Based on my experience, many organizations seem believe a primary reason for the RFP process is to deflect future blame if the winning consulting firm fails to perform successfully. After all, the consulting firm was the “winner” of a very robust evaluation process. It was their fault – certainly not the fault of the team that selected them – if the project runs into trouble or fails.
While the RFP process is often a robust evaluation process, it typically measures the wrong thing. What an RFP measures is the ability of a consulting firm to respond to an RFP. That may – or may not – have anything to do with their ability to help resolve the particular issue or issues you and your organization are facing.
The main reason I’m against RFPs is that many clients – or their procurement staff – think consultants and consulting firms are simply interchangeable. That just isn’t true. Consultants are people, with all the individual nuances and variability that implies. Included in that variability are the consulting firm’s “A” team members as well as the “E” team members (who may be on the way out the door but probably don’t yet know it).
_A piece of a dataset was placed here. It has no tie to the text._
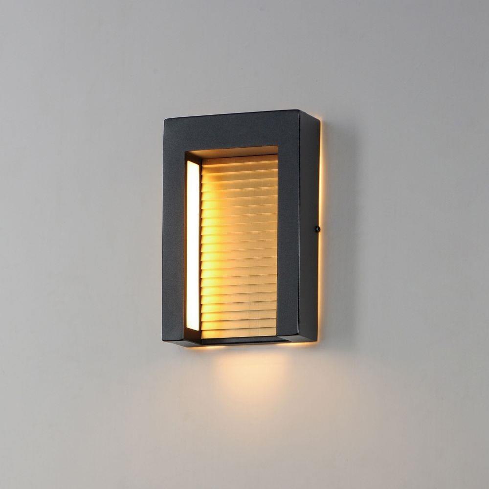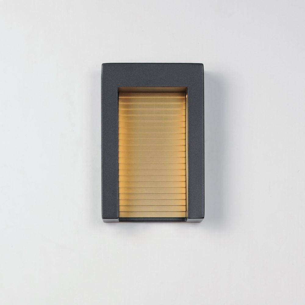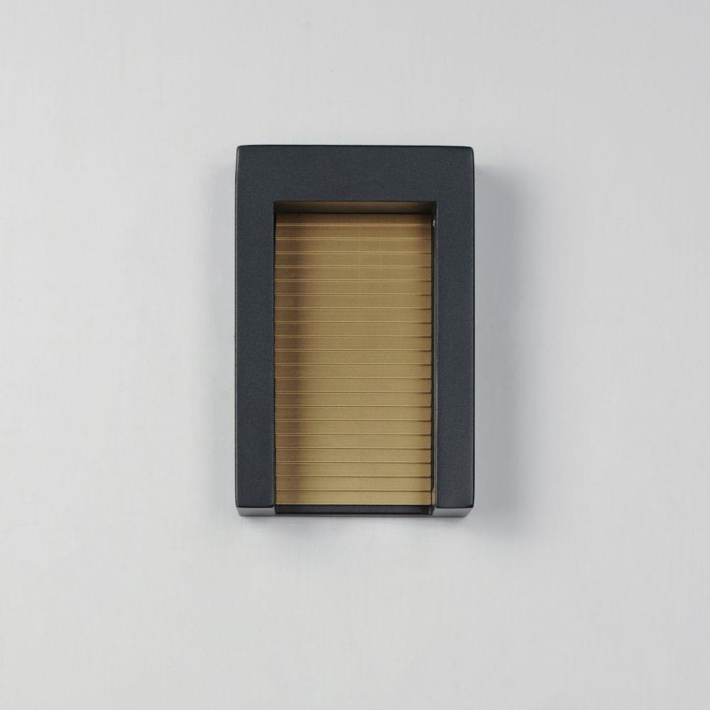 Die cast aluminum frames house a niche of stainless steel corrugated panels in a Gold finish. Two strips of dedicated LED lighting illuminate the washboard shape, which produces a warmer ambient light source when reflected off the contrasting Gold tone.

In addition, there are different individual specialties within consulting firms: strategy, project management; engagement management; data architectures; business analyst; business process reengineering; CRM, etc.
In our research, organizations have told us the most important determinant of success of a consultant-involved engagement was the makeup of the team of consultants supplied by the consulting firm. The next most important determinant of success was the makeup of the principal engagement participants from both the consultant’s side and the client’s side. The specific factors that client’s cited related to: experience, competence, attitude and chemistry. The successful teams – and thus engagements -- had experienced and competent personnel with a proactive and “can do” attitude and those teams demonstrated evidence of bonding based on transparency and mutual respect. These are things that can’t be defined or codified in an RFP or in a response to an RFP.
Often, many consultants or consulting firms could be of assistance. How do you select the “right” one? After following an appropriate process to narrow down the list of possible candidates, we recommend some sort of presentation by the consulting firms as to how they would address your specific issue. That will require the consulting firms invest some time in getting to know you and your organization. Not all will be willing to make the investment. The key is that YOU, as the future engagement sponsor must be willing to make the investment of time to meet with and educate the consulting firms you are seriously considering. If you have responsibility for the issue, it’s not something you can delegate.
While I am generally not a fan of RFPs, I am a huge fan of actual Proposals.
When you think you’ve got the right firm – and the potential of the right team within that firm – invite them to participate with you in the preparation of an engagement proposal that clearly defines the issue and the recommended solution approach. This should be a joint project which would involve your active participation. You should actively consider paying them for their time.
Then, you can evaluate the working relationship during the proposal crafting process. In an ideal situation, you’ll decide to go ahead after the jointly prepared proposal is finished. The money you have paid for the proposal is simply regarded as part of the overall total cost of project (TCOP). If the proposal falls short or you decide not to go ahead with the engagement, you have the benefit of a clearer understanding if the issue and of at least one possible solution approach.
I believe the proposal process is important – and the jointly prepared proposal is my preferred approach – because it brings two teams together to define the relevant issue(s) and craft a solution approach. It avoids having one side define the problem and then charging the other side with fixing the problem.
Often, the result is a document that more clearly defines the real issue(s) to be faced and a real world approach or approaches to resolving them. That's one way to begin an engagement. Unfortunately, many engagements begin with much less.